See how Minnesota uses ChatGPT for government translation and language access—plus a practical model to improve public digital services safely.

How Minnesota Uses ChatGPT for Public Translation
Most government translation breaks in the exact same place: volume.
A single form update turns into 10 languages, 10 vendor tickets, and 10 opportunities for something to drift out of date. Then a winter storm hits, a benefits rule changes, or an election deadline moves—and the people who most need timely information are the last to get it.
That’s why Minnesota’s Enterprise Translation Office experimenting with ChatGPT matters for the broader AI in Government & Public Sector conversation. It’s not “AI for AI’s sake.” It’s a practical response to a real service-delivery constraint: public agencies need faster, more consistent, more accessible translation—without exploding cost or staff workload.

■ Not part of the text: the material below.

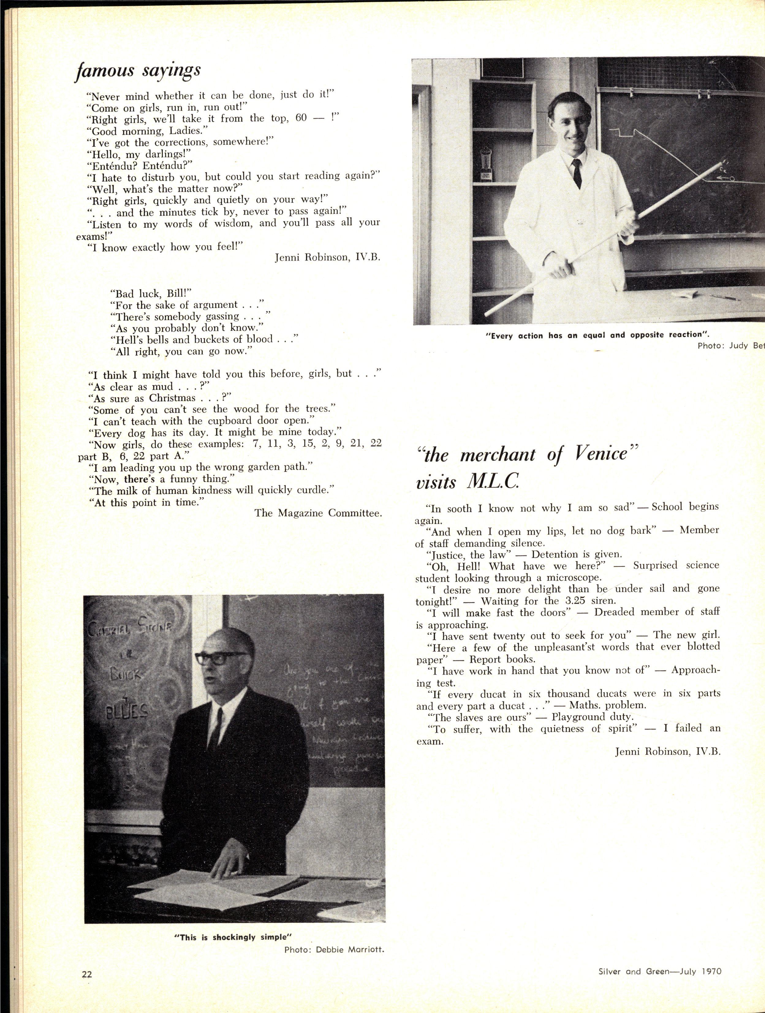 There will be many interesting events during the drama year The first is the presentation by the Fourth Form drama group of scenes from "The Merchant of Venice", "Toad of Toad Hall" and "St Joan", under the direction of Mrs Wilkinson

Below is a field guide to what this kind of adoption can look like in U.S. public institutions, how to do it responsibly, and what leaders should measure if the goal is better digital services (and not just a flashy pilot).

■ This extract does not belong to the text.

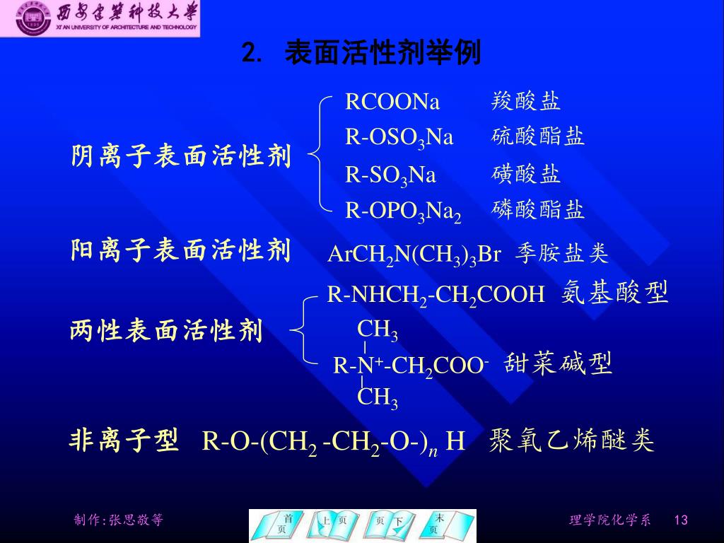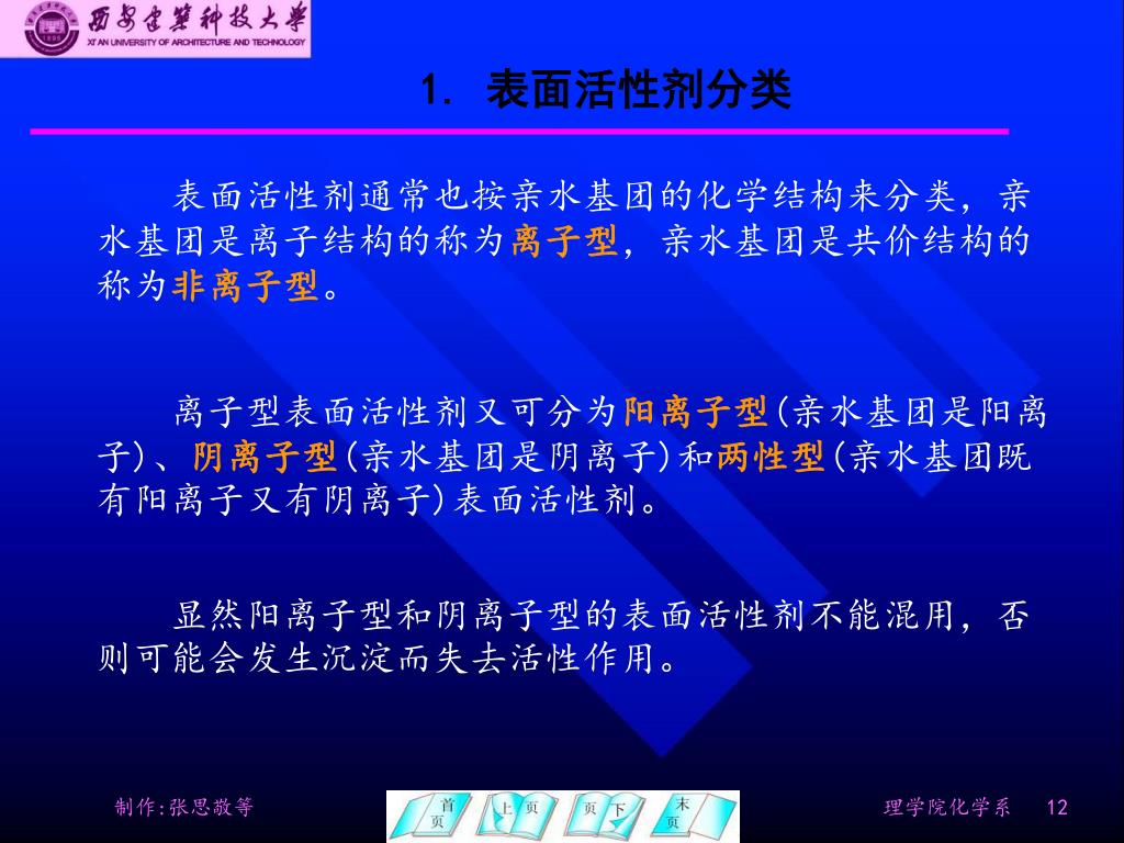 1. 表面活性剂分类 表面活性剂通常也按亲水基团的化学结构来分类,亲水基团是离子结构的称为离子型,亲水基团是共价结构的称为非离子型。 离子型表面活性剂又可分为阳离子型(亲水基团是阳离子)、阴离子型(亲水基团是阴离子)和两性型(亲水基团既有阳离子又有阴离子)表面活性剂。 显然阳离子型和阴离子型的表面活性剂不能混用,否则可能会发生沉淀而失去活性作用。

Why AI translation is showing up in state government
AI translation is being adopted because public service has a speed problem, not a language problem. Agencies already know they must communicate across many languages. The hard part is keeping information current across channels—web pages, PDFs, notices, call center scripts, and SMS alerts.
In the U.S., language access requirements and expectations are rising at the same time agencies face:
- More digital content (every program has portals, dashboards, online notices)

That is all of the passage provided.